How prove this equation have infinite solution?
Let $x,y,z\in Z$, such that $\gcd(x,y)=\gcd(y,z)=\gcd(x,z)=1$.
Show that the number of solutions to $$2013x^2+y^3=z^4$$ is infinite.
This problem is from the China Mathematical Olympiad (No solution), and I look at it occasionally, but can't prove it.

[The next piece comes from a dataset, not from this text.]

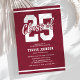 Masculine graduation party invitations featuring a red background that can be changed to fit your personal taste or match your school colours, with a bold white "25" emblazoned on the front, representing the class year and symbolizing the start of a new chapter in life. Plus sleek lines running across the top and bottom add a touch of modernity, giving them a sleek and sophisticated look that is sure to catch the eye of anyone who receives them.
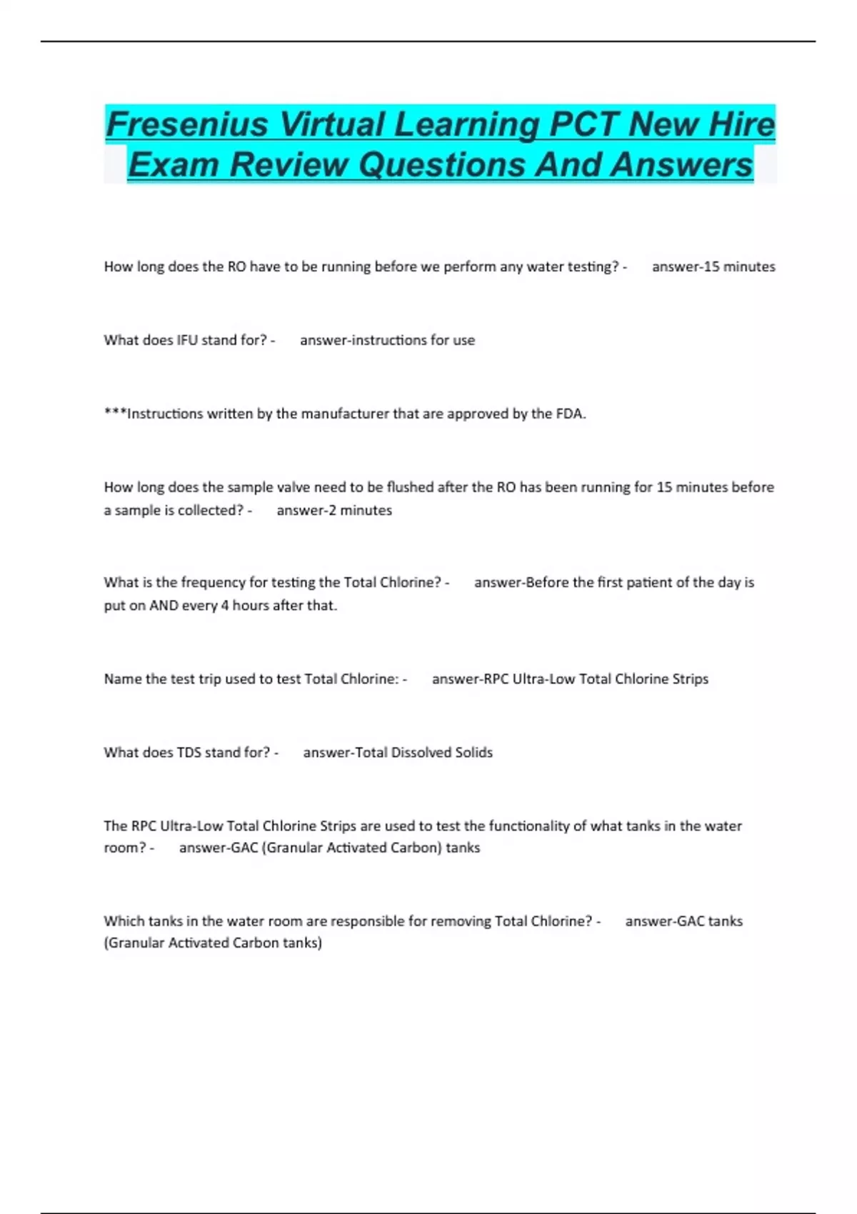 Fresenius Virtual Learning PCT New Hire Exam Review Questions And Answers

I also found this harder problem, I think this problem have nice methods http://math.univ-lyon1.fr/~roblot/ihp/Fermatlectures.pdf
Solution 1:
To continue achille hui's discussion, I will prove that if $u=1,v=2n,$ then $(y,z)=1$ and hence $(x,z)=(x,y)=1.$
$x(n)=24 n \left(24156 n^2+1\right) \left(64834704 n^4-5368 n^2+1\right) \left(5251611024 n^4-48312 n^2+1\right)$
$y(n)=\left(24156 n^2-1\right)^4-2013 \left(193248 n^3+8 n\right)^2$
$z(n)=\left(24156 n^2-1\right) \left(583512336 n^4+144936 n^2+1\right)$
Let $s(n)=78774165360 n^4+16087896 n^2-705$
$t(n)=1902868738436160 n^6-740477154384 n^4-12826836 n^2-1343$
We can verify that $y(n)s(n)-z(n)t(n)=-2048$ for all $n\in\mathbb N.$
Hence if $p\mid GCD(y(n),z(n))$ then $p\mid 2048$ hence $p=2.$
However, $y(n)$ and $z(n)$ are both odd for all $n\in\mathbb N.$ Hence $GCD(y(n),z(n))=1$ for all $n\in\mathbb N.$
Solution 2:
This is not an answer because I don't know how to deal with the requirement that $x,y,z$ are pairwise relatively prime. However, the equation
$$2013 x^2 + y^3 = z^4$$
does have infinitely many non-trivial solutions. Define $$\begin{align} x(u,v) = & 12uv (6039v^2+u^2)(4052169v^4-1342u^2v^2+u^4)\\ & \quad\times\;(328225689v^4-12078u^2v^2+u^4)\\ \\ y(u,v) = & (u^2-6039v^2)^4-2013(24156uv^3+4u^3v)^2\\ z(u,v) = & (u^2-6039v^2)(36469521v^4+36234u^2v^2+u^4) \end{align}$$ By brute force, one can verify these 3 functions satisfy $$2013 x(u,v)^2 + y(u,v)^3 = z(u,v)^4$$
Not all $(u,v)$ give us triplet $(x,y,z)$ that are pairwise relative prime. The first pairwise relative prime solution I find is generated by setting $(u,v)$ to $(2,1)$, this give us:
$$(x,y,z) = (192613207049468003592,1321800962978257,-220968344555)$$
Maybe someone will have a better idea how to extract pairwise relative prime solutions from these list of "partial" solutions.